His former correspondents were not the only ones who got in touch with me; nor was I the only one with wh
om they got in touch. When Tillinghast’s widow, Rachel, wrote to me, asking whether I would grant her an interview, she mentioned that she had heard from three of the philosophical vultures circling the corpse of his ambition—although she did not, of course, express it in those terms. The image was mine, born not only from my unsympathetic attitude to Tillinghast’s scientific endeavors, but also of the state of mind in which his fatal experiment had left me. I was always looking up, afraid of what I might see…and what I was afraid of seeing was cruel, sinister and raptorial.
I say “state of mind” because I was careful, then, not to say “state of being.” I did not want to consider, let alone admit, that the experiment could have wrought a permanent change in me. I did not even want to imagine the possibility that the radiation of Tillinghast’s machine, rather than administering a momentary and transient stimulation to the pineal body in my brain, had somehow triggered a slow but definitive alteration of its anatomy and its sensory capacity. What I wanted to imagine was that what I had experienced on that fateful night was, in fact, no more than the immediate product of my own frightened imagination, suggestively stimulated by Tillinghast’s fragile mental condition.

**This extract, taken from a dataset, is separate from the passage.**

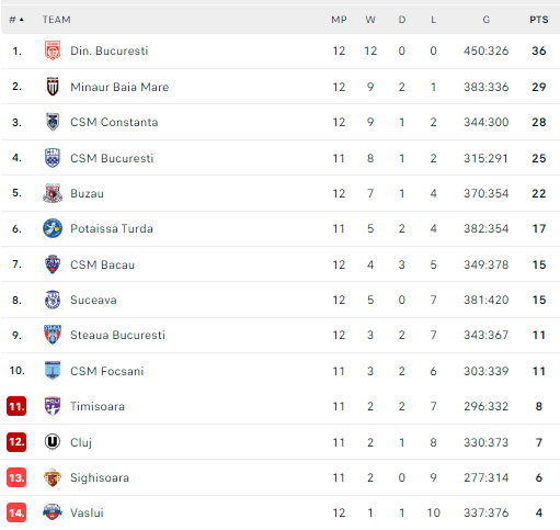 Pirmauja: „Dinamo“ – 36, „Minaur“ – 29, „Constanța“ – 28, Bukarešto CSM – 25, „Buzău“ – 22, „Potaissa“ – 17, „Bacău“ – 15.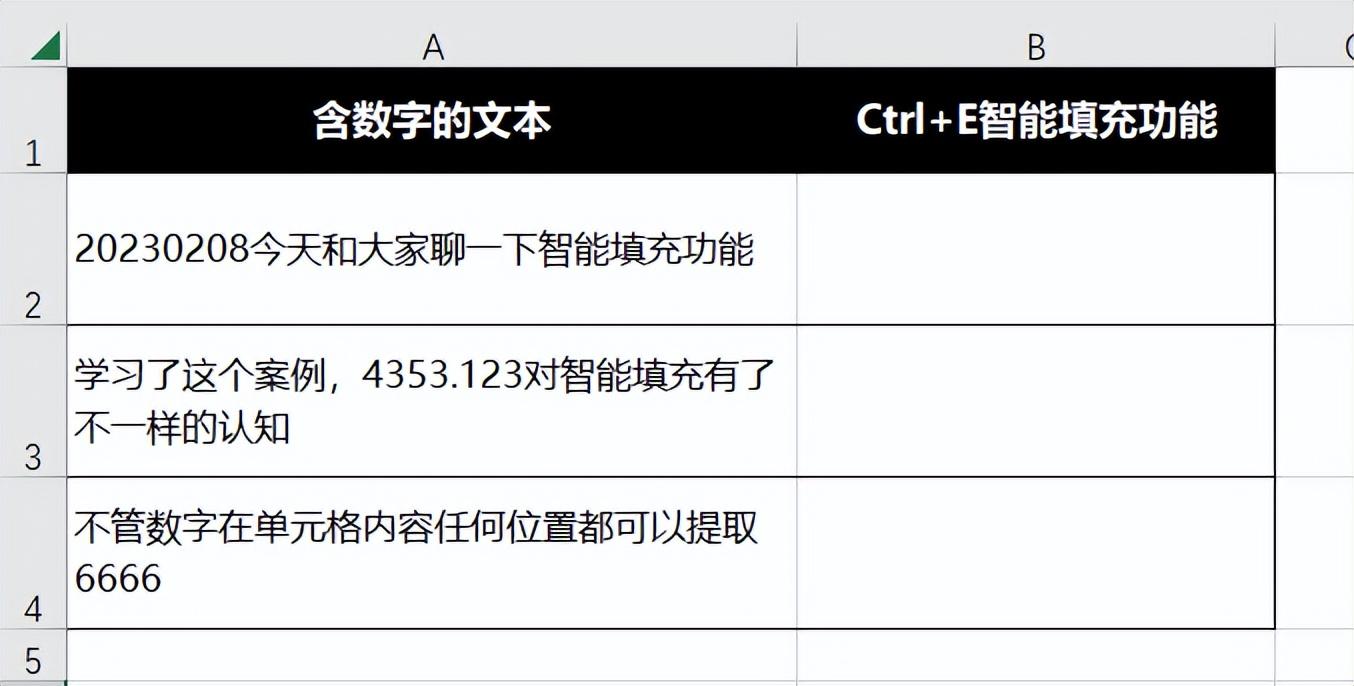 案例数据如下:A列数含数字的文本,B列是希望将数字提取的存放位置。

What I wanted to imagine, in addition, was that Gregory, and Tillinghast’s other servants, had not been murdered at all, either by human hands or by some horrid creature from a world parallel to our own, hidden from our senses in some subtle realm of dark matter. I wanted to imagine, or at least to hope, that they were still alive and happy, if not in our world then in the other, perhaps having undergone some benign metamorphosis. If I were to entertain the notion of metamorphosis at all, I dearly wanted to think of such processes as benign. Tillinghast had, after all, been quite insistent in the course of his final mad tirade that his “pets” hadn’t hurt his servants at all.